Oh, you mean compressing input sections individually and than concatenating them.
I've thought about this.
One big issue is that initializating zlib data structures takes time.
If we create z_stream one for every input section, the overhead may be too high.
See https://zlib.net/zlib_tech.html "Memory Footprint", the time complexity is comparable with the memory footprint.
Maybe someone interested can do the experiments.
My bet is that even if it may some memory usage benefit, the CPU overhead may be too large (I will not be surprised if it is even slower than the status quo).

In D117853#3268050, @MaskRay wrote:

In D117853#3268030, @dblaikie wrote:

In D117853#3268012, @MaskRay wrote:

In D117853#3267965, @dblaikie wrote:

In D117853#3261870, @MaskRay wrote:

In D117853#3261856, @dblaikie wrote:

Is there any chance to avoid buffering the compressed output? (I guess probably not, because you need to know how large it is before you write it to the output file (if you want to parallelize writing sections, which is important no doubt))

I have asked myself this question... Unfortunately no.
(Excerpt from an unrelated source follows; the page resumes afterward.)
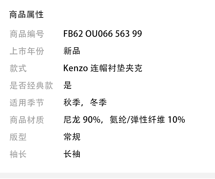KENZO 高田贤三 女士羽绒服 黑色 FB62 OU066 563 99
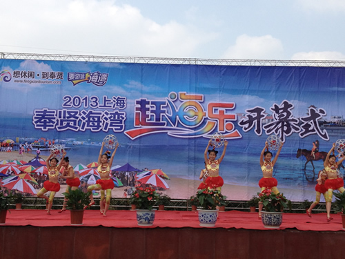 ???? 春末夏初,奉贤海湾地区又迎来了一年一度的“赶海乐”活动。4月21日上午,奉贤区青少年活动中心学生舞蹈艺术团应邀参加由奉贤区海湾旅游局管委会主办的“赶海乐”开幕式表演活动。走进露天的自然大草坪的风筝放飞场,只见风筝漫天飞舞,跑道上奔跑有力的运动员们,个个象展翅的小鸟那样快乐。舞蹈队学员们一进场就娴熟地准备起来,待一切准备就序,舞蹈队以 “快乐滚灯娃”的特色原创舞蹈拉开了“赶海乐”的序幕。队员们在悠扬的音乐中舞动着,灿烂的笑容,灵活的舞姿,使全场群情激昂,给开幕式增添了亮丽风采。

To have accurate estimate of sizes, we have to buffer all compressed output.
It's needed to compute sh_offset and sh_size fields of a .debug_* section. To know the size we need to compress it first (or estimate, but the compression ratio is not easy to estimate).

I think pigz uses an approach to only keep concurrency shards, but it does not have the requirement to know the output size beforehand.

Yeah, I guess out of scope for this change - but maybe another time. It'd break parallelism, but you could stream out a section at a time (at least for the compressed sections) and then seek back to write the sh* offset fields based on how the compression actually worked out.

I guess for Split DWARF the memory savings wouldn't be that significant, though? Do you have a sense of how much memory it'd take.

The saving is still large because of .debug_line.

I mostly meant the memory savings that might be available if we could avoid caching compressed debug info output sections - I guess looking at the numbers you posted, assuming lld's internal data structures don't use much memory compared to the output size & assuming you're writing to tmpfs so the output counts as memory usage - that's still like half the output file size again as memory usage for compressed output section buffers, so a possible 30% reduction in memory usage or so... which seems pretty valuable, but hard to achieve for sure.

There will be some memory savings but I am speculating that it is small.
My rationale is that zlib::compress allocates a compressed buffer whose size is a bit larger than the input size (zlib deflateBound).
(This is actually a saving many projects do not realize (jdk,ffmpeg,etc))
This patch switches to half by default but I see a very small memory usage decrease (I don't remember clearly, but definitely less than 2%).
So I speculate that even if I drop the output buffer entirely, the saving won't be large.
The likely reason is that the memory just overlaps some data structures allocated by previous passes.
I haven't use a heap profiler to look into it more deeply.

Yeah, might be interesting to know where peak linker memory usage is - if this isn't at the peak point, that's fair - less to worry about.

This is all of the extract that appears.